De inspecteur neemt het standpunt in dat de man wél de bouwkavels heeft geleverd in de hoedanigheid van ondernemer. De man heeft handelingen/werkzaamheden verricht die te vergelijken zijn met die van een handelaar en heeft zo actief stappen gezet die verder gaan dan een particulier normaal gezien zou doen in het kader van het beheer van privévermogen. De inspecteur wijst daarbij op de intentieovereenkomst met de gemeente, het in opdracht van de man uitgevoerde archeologisch bodemonderzoek en de sloop van de arbeiderswoningen.
De rechtbank overweegt dat voor de beantwoording van de vraag of de man bij de levering van de twee bouwkavels heeft gehandeld als ondernemer voor de omzetbelasting niet van doorslaggevend belang is of de man bij de aanschaf van de onroerende zaak in 2007 al de intentie had om een deel van het landgoed te verkavelen en te verkopen. Het handelen als ondernemer ziet namelijk op de hoedanigheid waarin iemand de onroerende zaak levert.
Actief ingezet om woningbouw mogelijk te maken
Voor de rechtbank staat vast dat de man de arbeiderswoningen heeft laten slopen. Daarmee is grond opgeleverd die klaar is voor het bouwen van woningen. Uit het krantenbericht van 2008 kan worden afgeleid dat de man toen reeds de arbeiderswoningen wilde slopen met het oog op de bouw van nieuwe woningen. In het beroep gaf de man aan dat hij met de overdracht van de molen aan de molenstichting, de gemeente bereid heeft gevonden om de bebouwing van de kavels toe te staan. Daarmee heeft de man zich actief ingezet om de woningbouw mogelijk te maken volgens de rechtbank.
Ook heeft de man de toegangsweg richting de kavels laten verharden en daarmee een route gecreëerd voor het bouwverkeer. Hij heeft de verantwoordelijkheid op zich genomen om dat bouwkavel bouw- en woonrijp te maken. Met al deze (aangegane verplichtingen tot het uitvoeren van) werkzaamheden heeft de man stappen gezet die niet passen bij het enkele beheer van privévermogen, zo oordeelt de rechtbank. Deze werkzaamheden moeten worden beschouwd als actieve stappen die vergelijkbaar zijn met stappen die een fabrikant, handelaar of dienstverrichter zou zetten om de beste omstandigheden te creëren met het oog op de verkoop.
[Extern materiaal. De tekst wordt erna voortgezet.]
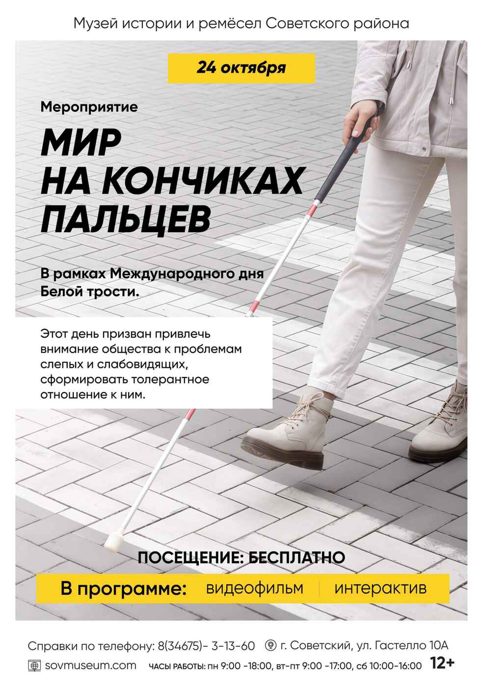 Как часто мы задумываемся о том, как воспринимают мир люди, лишенные зрения? Международный день белой трости - это возможность понять и почувствовать это. 24 октября приглашаем всех желающих в Музей истории и ремесел Советского района на мероприятие «Мир на кончиках пальцев». Участники мероприятия не просто поговорят о проблемах незрячих и слабовидящих, а попробуют прикоснуться к их миру посредством просмотра специального видеофильма и участия в интерактиве от представителей Всероссийского общества слепых.

In dit geval is volgens de rechtbank sprake van een duurzame activiteit. De man heeft dan ook bij de levering van de twee bouwkavels gehandeld als ondernemer voor de omzetbelasting. De stelling van de man dat hij geen voorbelasting met betrekking tot deze kavels heeft afgetrokken, is niet bepalend voor de vraag of de man bij de levering van de kavels heeft gehandeld als ondernemer voor de omzetbelasting. Gezien de vaststellingsovereenkomst kan niet worden vastgesteld of inderdaad geen aftrek van voorbelasting heeft plaatsgevonden, besluit de rechtbank.